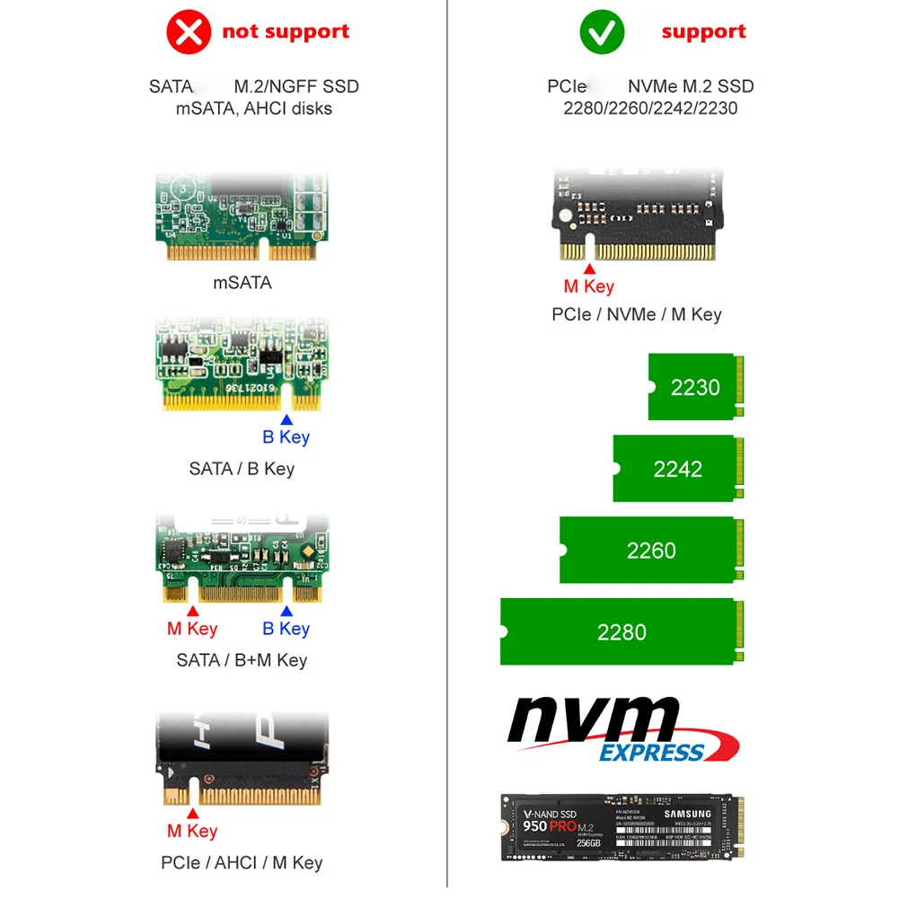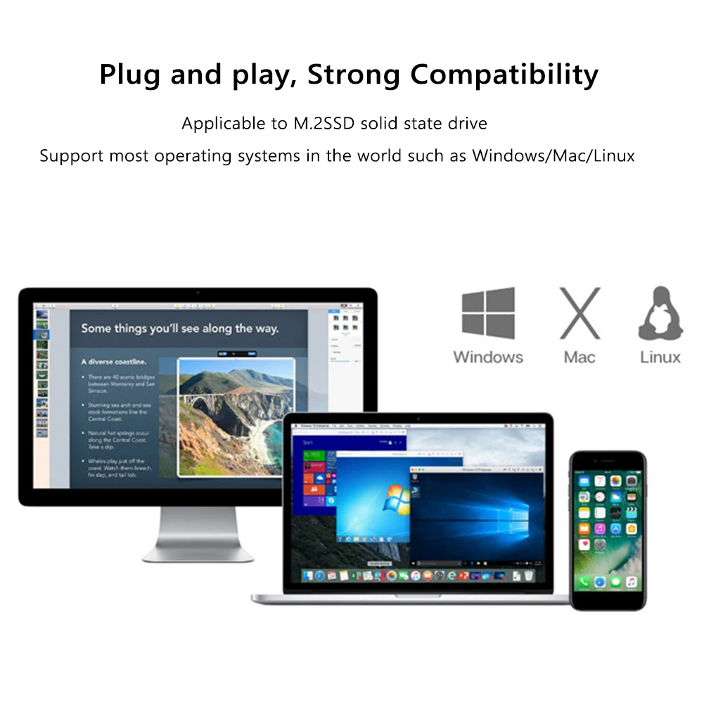 5. Plug and Play y fuerte compatibilidad:Adecuado para la unidad de estado sólido SSD M.2, compatible con la mayoría de los sistemas operativos del mundo, como Windows/Mac/Linux. Ampliamente compatible con M.2 NVMe/ PCle SSD en M Key en tamaños 2280, 2260, 2242, 2230. (Canal SAT M.2 / NGFF SSD mSATA no es compatible).
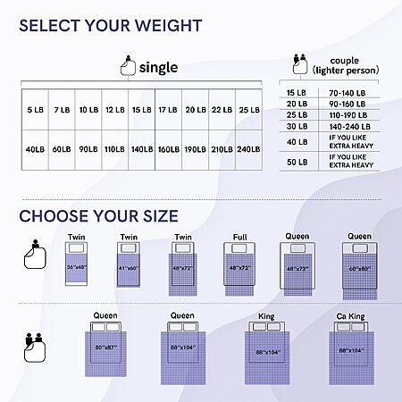 - [Sizing Guide] To get the appropriate size for one adult, take 10% of your body weight and add 1 pound. Please select a weighted blanket measuring 80x87 inches or 88x104 inches for sharing.
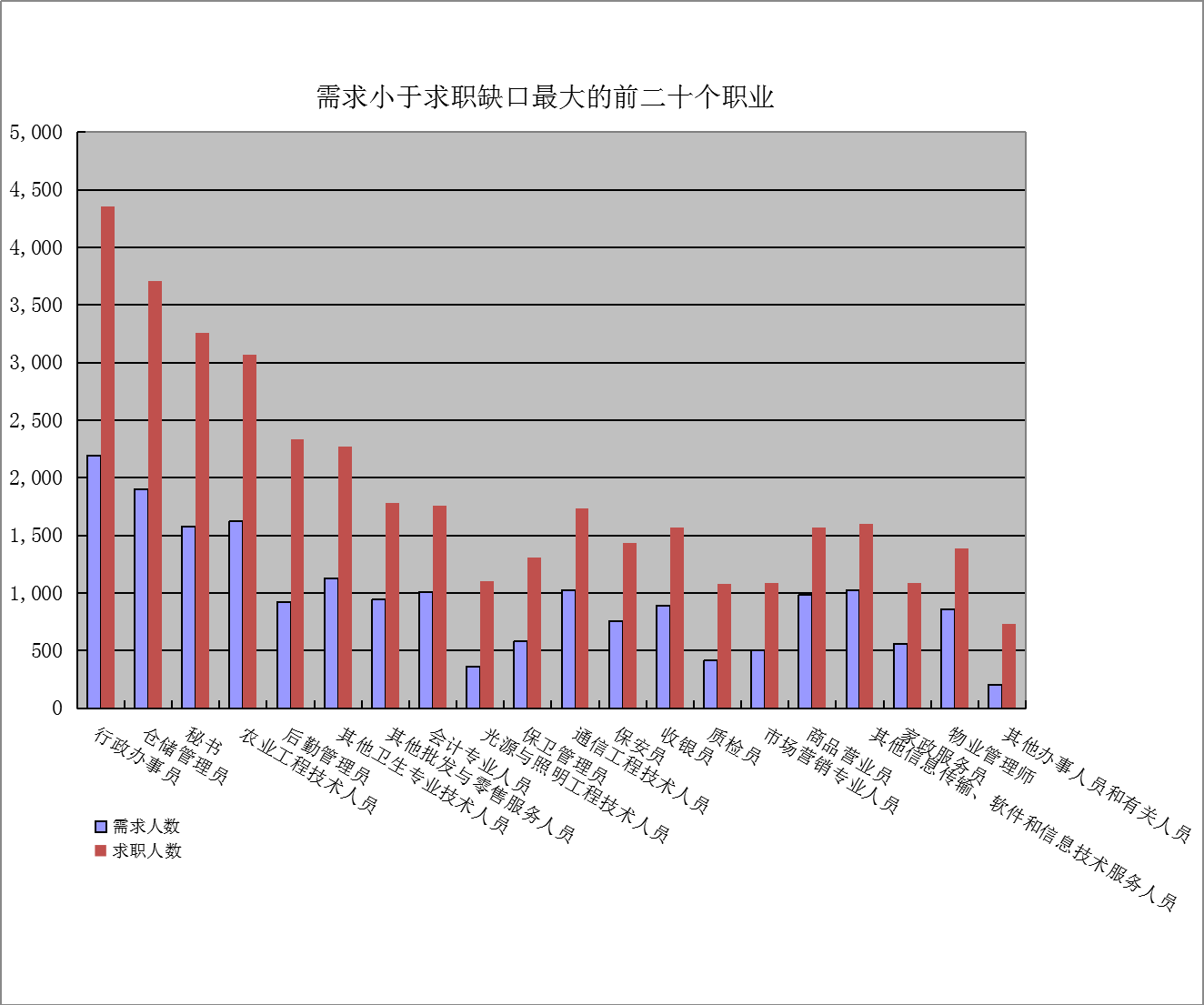 一是求大于供岗位(工种):“快递员”、“家政服务员”、“营销员”企业需求缺口分别是4409人次、3867人次、1927人次。二是供大于求岗位(工种):“行政办事员”、“仓储管理员”、“秘书”的市场登记缺口分别是-2164人次、-1803人次、-1673人次。
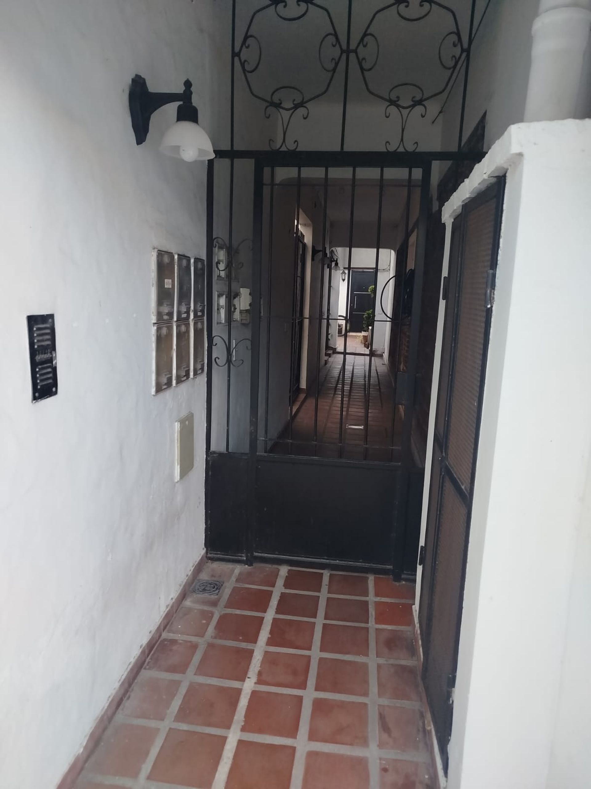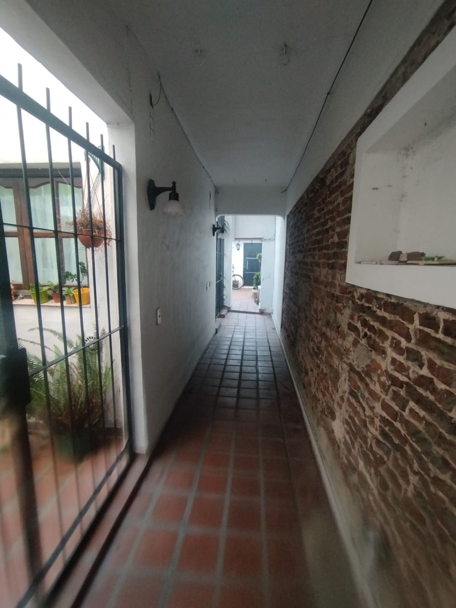 El ingreso a la propiedad se realiza a través de un pasillo común de gran calidez y excelente mantenimiento. Su diseño combina lo rústico y lo moderno, con una pared de ladrillo visto que aporta personalidad y un estilo industrial/rústico muy buscado. El recorrido está equipado con luminarias de pared tipo farol que garantizan seguridad y una ambientación acogedora por la noche. Los techos son altos y pintados de blanco, creando una sensación de amplitud. Los pisos son baldosas cerámicas rojas en perfecto estado, resistentes y fáciles de mantener. El pasillo semicubierto y bien cuidado ofrece una transición agradable y silenciosa desde la calle hacia la unidad, funcionando como un pulmón de retiro frente al ruido urbano.
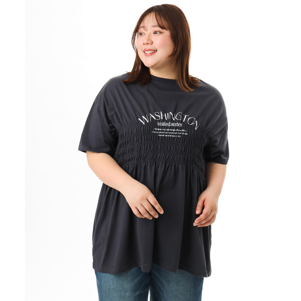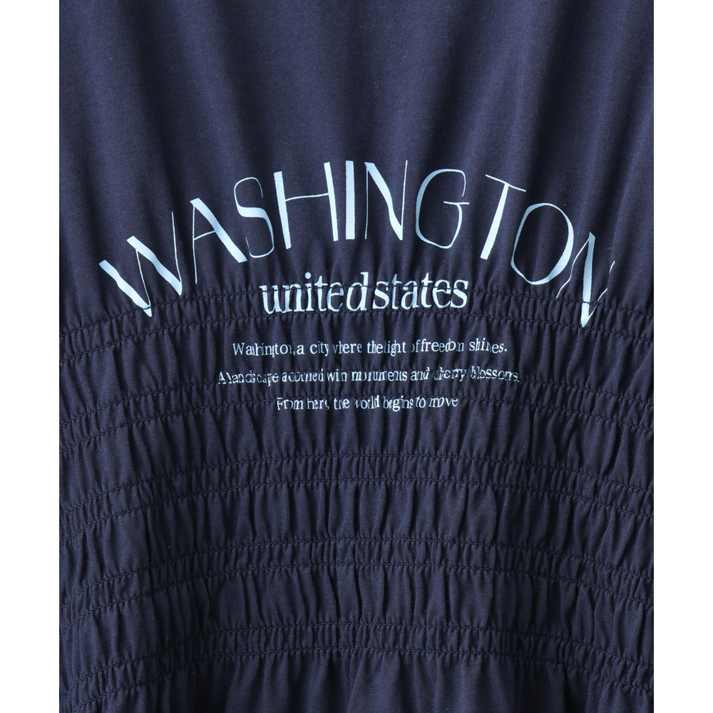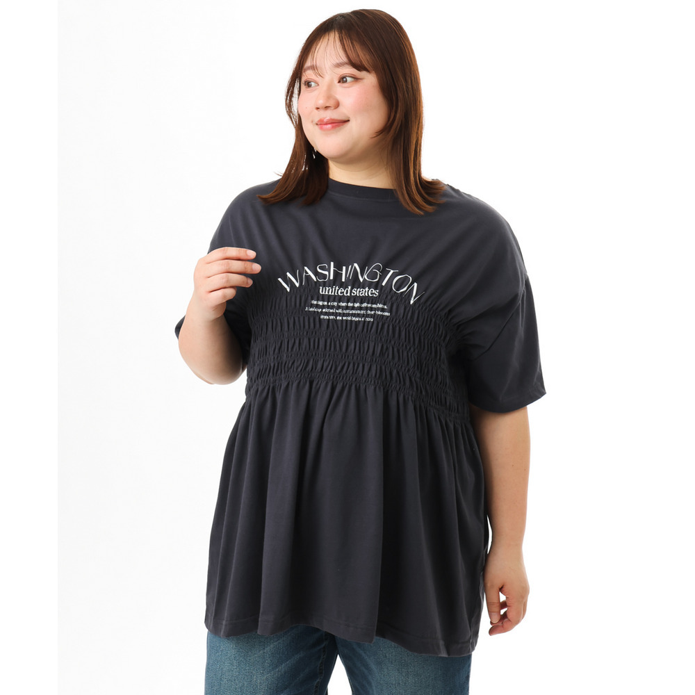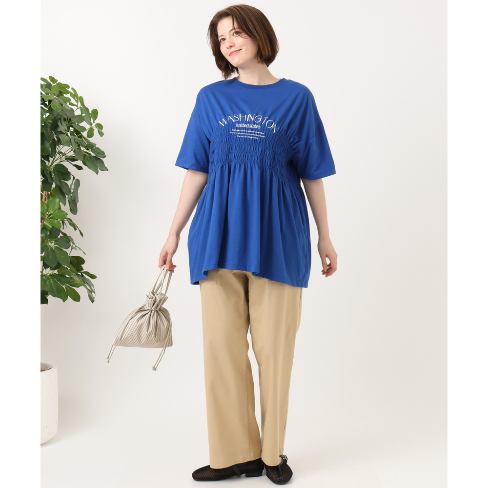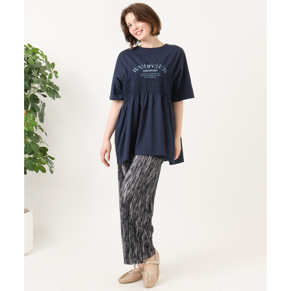 ロゴプリント入りでカジュアルな雰囲気ながら、シャーリングで女性らしいニュアンスをプラス。
* * *
The line containing "- [Sizing Guide]" marks the end: transcribe every line from the start of the listing up to and including it, minus the pictures.

 5. Plug and Play y fuerte compatibilidad:Adecuado para la unidad de estado sólido SSD M.2, compatible con la mayoría de los sistemas operativos del mundo, como Windows/Mac/Linux. Ampliamente compatible con M.2 NVMe/ PCle SSD en M Key en tamaños 2280, 2260, 2242, 2230. (Canal SAT M.2 / NGFF SSD mSATA no es compatible).
 - [Sizing Guide] To get the appropriate size for one adult, take 10% of your body weight and add 1 pound. Please select a weighted blanket measuring 80x87 inches or 88x104 inches for sharing.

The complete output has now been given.